MURCIA / El abandono se adueña del Castillo de Monteagudo a la espera de su restauración

Si el rey Alfonso X levantara la cabeza sería testigo del lamentable estado en el que se encuentra el Castillo de Monteagudo, donde allá por el año 1243 el sabio monarca instaló su corte. Referente para todo visitante que llega a la capital murciana, el imponente monumento se alza sobre un pico desde el que se domina toda la huerta de Murcia.
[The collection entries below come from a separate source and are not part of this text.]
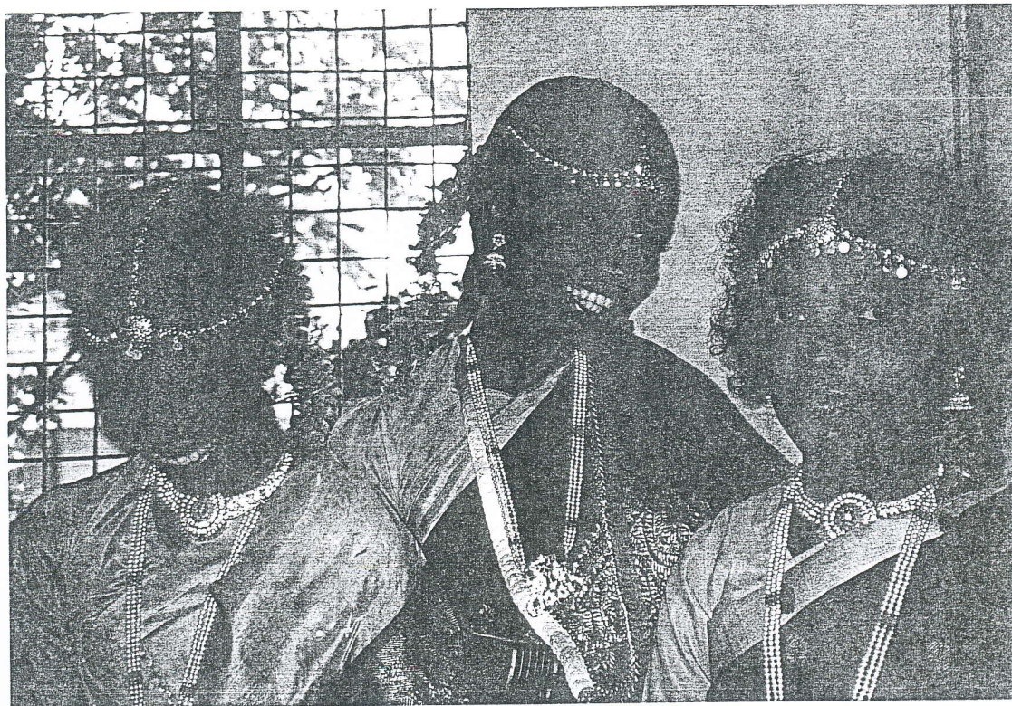
Indian beauties, Ennore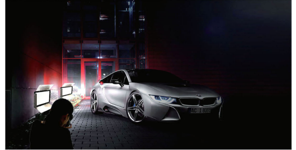
明るく発光面も大きいので、大きな撮影物でも完璧に照明することができます。また演色性も高く肌を忠実に再現します。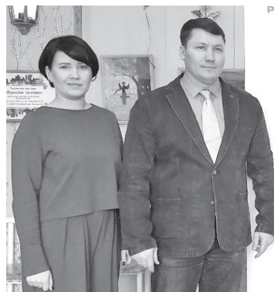
Российское движение детей и молодежи «Движение Первых»

- Решила проявить себя, доказать, что способна занять руководящую долж-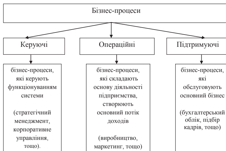
Рис. 2. Види бізнес-процесів

Коефіцієнт складності відображає відношення кількості рівнів декомпозиції моделі бізнес-процесів до кількості примірників процесів. Він показує, наскільки складна ієрархічна структура бізнес-процесів.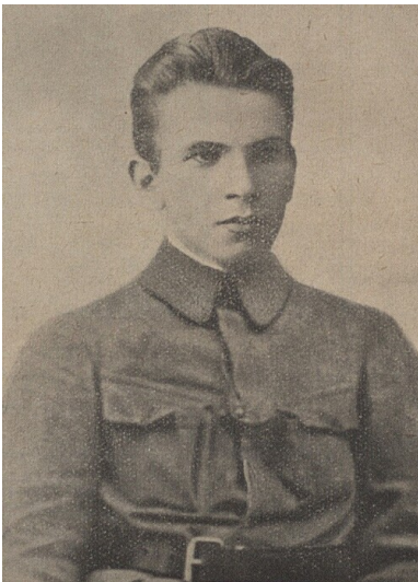
Stanisław Sosabowski na początku XX w.

Stanisław Franciszek Sosabowski urodził się 8 maja 1892 r. w Stanisławowie, na terenie ówczesnej monarchii austro-węgierskiej, w rodzinie kolejarskiej. Kiedy miał 11 lat zmarł jego ojciec.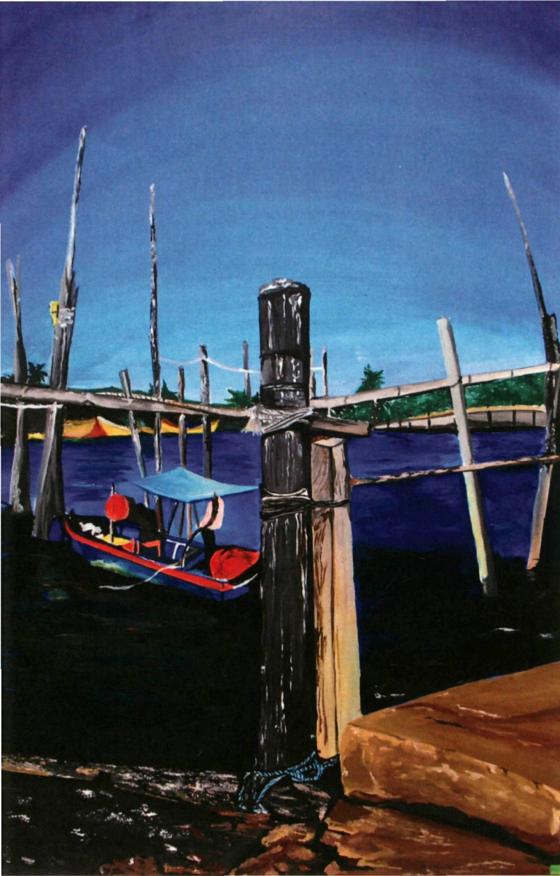
23. TANJUNG LUMPUR (2018) | NUR ASYIKIN MUHD HUSIN

Tanjung Lumpur merupakan sebuah perkampungan memancing yang terletak berhampiran Sungai Kuantan di Pahang, Malaysia.

Un lugar en el que el turista queda admirado por su belleza paisajística, pero decepcionado por el estado de conservación del conjunto, declarado Patrimonio Histórico Nacional en el año 1985.

La Asociación de Amigos de los Castillos de Monteagudo, compuesta por un grupo de vecinos de esta pedanía murciana, lleva a cabo estos días una campaña informativa para dar a conocer el lamentable estado de abandono y deterioro de la fortaleza. El secretario de la asociación, Juan José López, en un periplo por las ruinas del castillo, indica que «el Ayuntamiento de Murcia realizó una importante inversión con dinero de los fondos europeos, que a día de hoy aún no ha finalizado. Se dejaron escaleras metálicas situadas a gran altura sin barandillas, pasadizos sin protección, andamios de las murallas sin desmontar, y una subida al segundo cuerpo del castillo que supone un desafío para los no aficionados al alpinismo, ya que la escalera está cortada».

Los graffitis y pintadas presiden murallas y paredes del conjunto histórico; botellas y plásticos dominan un acceso poco seguro. Todo ello ofrece una mala imagen en la histórica atalaya.

Juan José López afirma que «por la noche, aquí sube mucha gente; si tuviera una iluminación acorde, no sólo en la imagen del Corazón de Jesús, sino en toda la muralla, se evitaría la venta de droga que normalmente existe». «Hasta que no se produzcan daños personales y materiales no habrá reacción por parte de las autoridades», añade López.

El Ayuntamientos de Murcia tenía un proyecto para esta zona, el Parque Cultural de Monteagudo, conformado por tres de las fortalezas defensivas de mayor relevancia del municipio, el Castillo de Larache, el Castillo de Monteagudo y el Castillejo o Castellar, un proyecto, asegura López, «ilusionante para todos los vecinos, que supondría una regeneración íntegra, de la pedanía»

Pero los vecinos no sólo quieren proyectos ilusionantes, sino que «deseamos hechos reales y palpables. Queremos seguridad en el castillo, su mantenimiento y limpieza, y después que vengan los proyectos que tanto nos prometen los políticos pero que nunca llegan, y cuando lo hacen, el dinero que se destina desaparece».